USW vs. Nippon Steel
Nippon Steel’s bid to acquire U.S. Steel is in jeopardy over concerns about future job losses and plant closures, according to labor officials and previously unreported correspondence obtained by The Washington Post.
The United Steelworkers has fought the $14.9 billion deal since its announcement last December — with the backing of President Biden. The president is counting on members’ votes in Pennsylvania and other battleground states to win in November. Former president Donald Trump has said he would block the deal “instantaneously.”
Nippon Steel has made a generous offer to the union, including a vow of no layoffs or plant closures under the current contract and a $1.4 billion investment in union facilities, executives said in an interview with The Washington Post.
But the union says that Nippon Steel’s proposal contains substantial holes that would allow it to back out of the union contract — making way for layoffs or plant closures. In a draft of the agreement Nippon sent to the union in March, obtained by The Post, Nippon said, for example, that it could abandon its promise not to conduct layoffs or plant closures in the case of an “unanticipated or significant downturn in business conditions.”
“[Nippon] goes around saying that there’ll be no layoffs and no plant closings at any of our facilities,” said David McCall, president of United Steelworkers, which represents 10,000 workers at the once-iconic American company. “But it’s all conditional. … That’s an absolute empty promise.”
McCall also told The Post that the proposal lacks guarantees that the Japanese steel giant will refrain from using the acquisition to undercut American steel production or will steer its U.S. investments toward nonunion plants. Nippon Steel and other Japanese producers have a “well-established record” of dumping steel in U.S. markets, resulting in job losses, according to the union.
The Commerce Department in recent years has imposed multiple trade penalties on Nippon Steel and other Japanese steelmakers accused of selling products in the United States below their production cost.

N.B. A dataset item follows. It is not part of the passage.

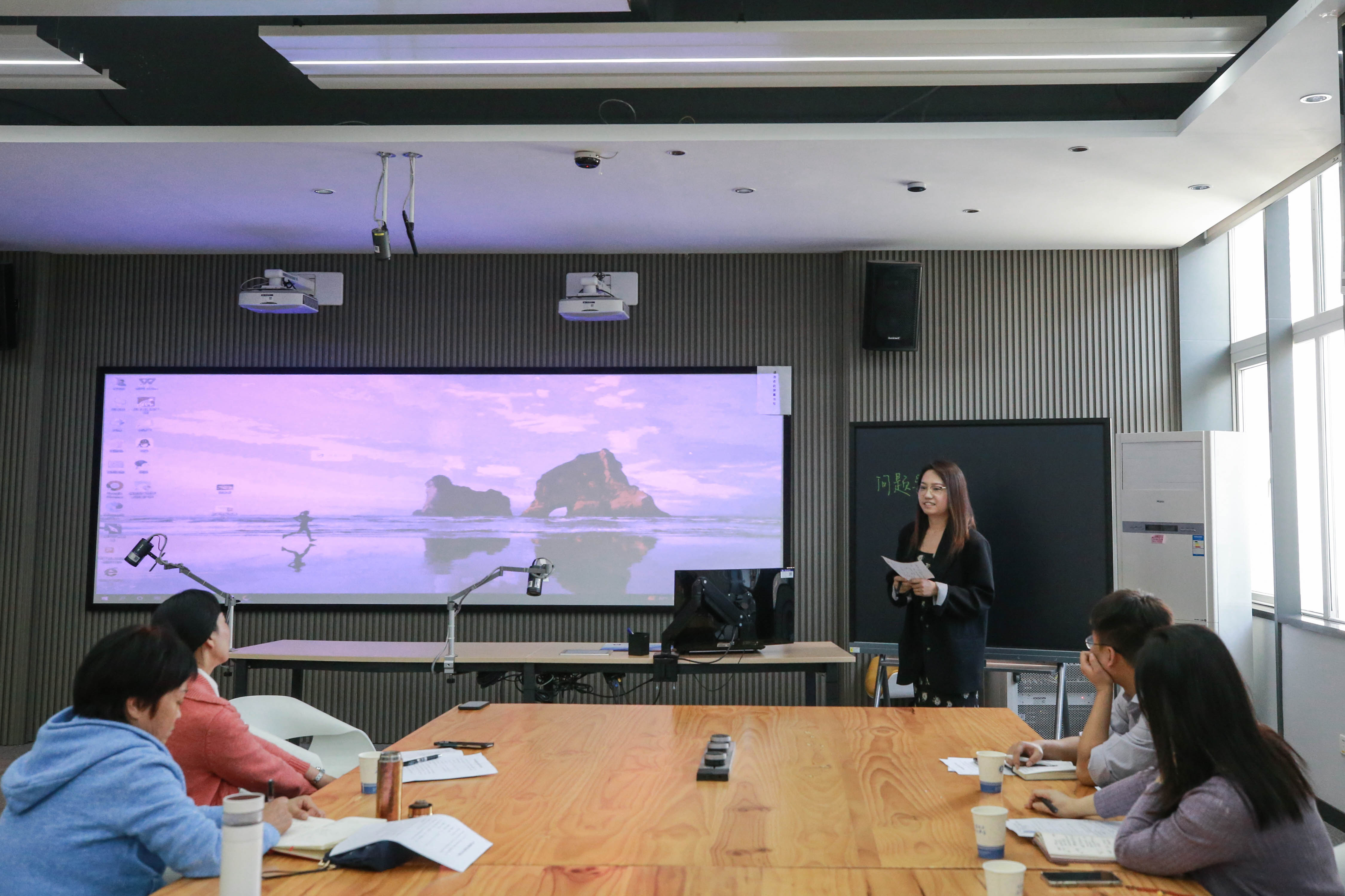 接着,张明月对此次分享做总结,十分感谢学校的职能部门在比赛中给予我们青年教师的帮助。在比赛选段时,要注重把握其学理性,使自己的观点有理可依。同时,也应尽量选择能与评委产生共鸣的选段。其次,在问题的导入部分,可以用有启发性的问题开篇以吸引评委们的目光。随后,张明月也分享了在比赛过程中对流程把控问题的经验,希望能够帮助到未来更多参与比赛的我校青年教师。

These are complicated politics that revolve around a lot of issues–what is the proper role of trade policy, who wins and who loses, union vs. non-union, globalization, etc. But the point of a union is to fight for its own members. Nippon Steel has a long record, and we all know that these kind of corporate “guarantees” are completely meaningless unless backed up with real regulatory backing and of course this is not. It seems to me unlikely this merger will go through, given that neither presidential candidate supports it, even if the corporate class absolutely does. I guess we will see. If a union can stop a big merger like this, it would be a new era in American foreign and economic policy. One of the things Nippon is promising a vast reduction of American steel’s carbon emissions, which would be good, but maybe there are other ways to handle that?